President Trump was right to do this. The World Health Organization failed to warn the world about the novel coronavirus early enough, and it parroted China’s stand on the matter. We should take care of our own first & not send China’s lapdog organization almost a half-billion dollars a year.
Fox News is reporting:
“President Trump announced at the White House coronavirus press briefing on Tuesday that the United States will immediately halt all funding for the World Health Organization (WHO), saying it had put “political correctness over lifesaving measures.”
Also at the briefing, the president said plans to ease the national economic shutdown were being finalized, and that he would be “authorizing governors to reopen their states to reopen as they see fit.”

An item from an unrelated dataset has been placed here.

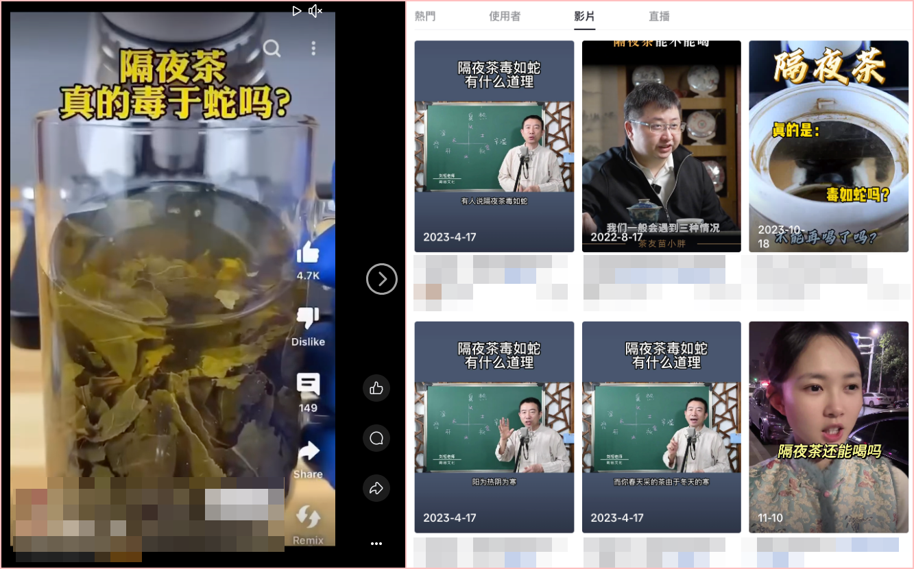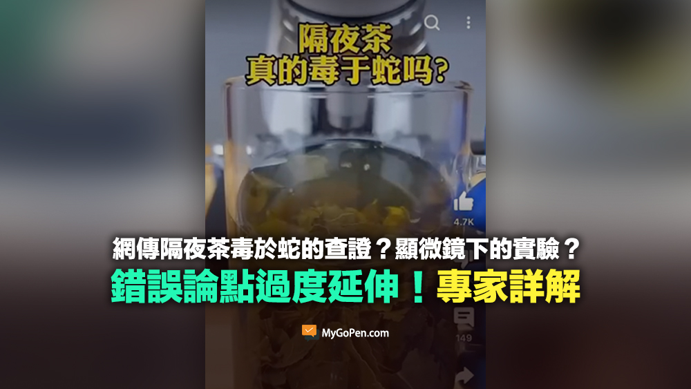 網傳「隔夜茶真的不能喝嗎?」實驗影片,將泡著茶葉的隔夜茶水拿到顯微鏡底下觀察,並無特殊發現而得出隔夜茶可以喝的結論。專家表示,傳言「隔夜茶毒於蛇」的說法應與亞硝酸鹽無關,其實是茶水中的「單寧酸」易使消化功能較弱的人發生胃腸不適,有此症狀的人應避免「濃茶」,但泡出濃茶不只是沖泡時間、也與茶葉量、熱水溫度等因素有關,且泡茶時間長短與隔夜與否無關,傳言說法將胃腸不適過度延伸,連結到孳生細菌、亞硝酸鹽,傳言說法錯誤。傳言說「隔夜茶裡有很多抗氧化物、不容易變質」,則是以錯誤的論點來解釋,傳言說法錯誤。

In the meantime, Trump declared that the United States would undertake a 60-to-90 day review into why the “China-centric” WHO had caused “so much death” by “severely mismanaging and covering up” the coronavirus’ spread.
The United States is the WHO’s largest single donor, and the State Department had previously planned to provide the agency $893 million in the current two-year funding period.
“We have deep concerns over whether America’s generosity has been put to the best use possible,” Trump said, accusing the WHO of failing to adequately keep the international community apprised of the threat of the coronavirus.
“The WHO failed in this duty, and must be held accountable,” Trump said. He added that the WHO had ignored “credible information” in December 2019 that the virus could be transmitted from human to human.
Trump: Today, I am instructing made administration to halt funding of the World Health Organization while a review is conducted to assess the World Health Organization's role in severely mismanaging and covering up the spread of the coronavirus. pic.twitter.com/sJ9w3FUqCM
— Julio Rosas (@Julio_Rosas11) April 14, 2020
As early as late December, Wuhan medical staff were suspected to have contracted the disease, indicating likely human-to-human transmissibility.
On January 4, in a statement first flagged by The National Review, the head University of Hong Kong’s Centre for Infection warned that “the city should implement the strictest possible monitoring system for a mystery new viral pneumonia that has infected dozens of people on the mainland, as it is highly possible that the illness is spreading from human to human.”
The Chinese government also began suppressing news about the virus, and even detained Doctor Li Wenliang, who has since died of coronavirus after trying to warn the international community of the threat. Nevertheless, on January 8, the WHO declared: “Preliminary identification of a novel virus in a short period of time is a notable achievement and demonstrates China’s increased capacity to manage new outbreaks.”
Again on January 14, the WHO simply echoed Chinese government statements: “Preliminary investigations conducted by the Chinese authorities have found no clear evidence of human-to-human transmission of the novel coronavirus (2019-nCoV) identified in Wuhan, China.”
By January 19, the WHO had changed its tune somewhat, but still hedged. “Not enough is known to draw definitive conclusions about how it is transmitted, the clinical features of the disease, the extent to which it has spread, or its source, which remains unknown.”
Dr. Anthony Fauci, the top infectious disease expert in the U.S. and a key member of Trump’s coronavirus task force, has said misinformation from China, repeated by the WHO, had affected U.S. response efforts.
Several media organizations had also uncritically cited WHO’s assurances about the coronavirus.
The Washington Post even ran a story quoting a Chinese official asking for “empathy” and slamming the White House for acting “in disregard of the WHO recommendation against travel restrictions.”
Former Vice President Joe Biden, just hours after Trump announced travel restrictions on China on Jan. 31, criticized the president’s “hysterical xenophobia.”
In March, The Post finally acknowledged that critics accused China and WHO of “covering up or downplaying the severity of an infectious disease outbreak.”
Democrats, however, have voiced reluctance to cutting the WHO’s funding. Sen. Robert Menendez, D-N.J., has said the agency needs more money during the pandemic.
“Given the WHO’s indispensable role, it is imperative that the United States increase contributions,” Menendez wrote in March.”
Thank you, President Trump, for putting America first!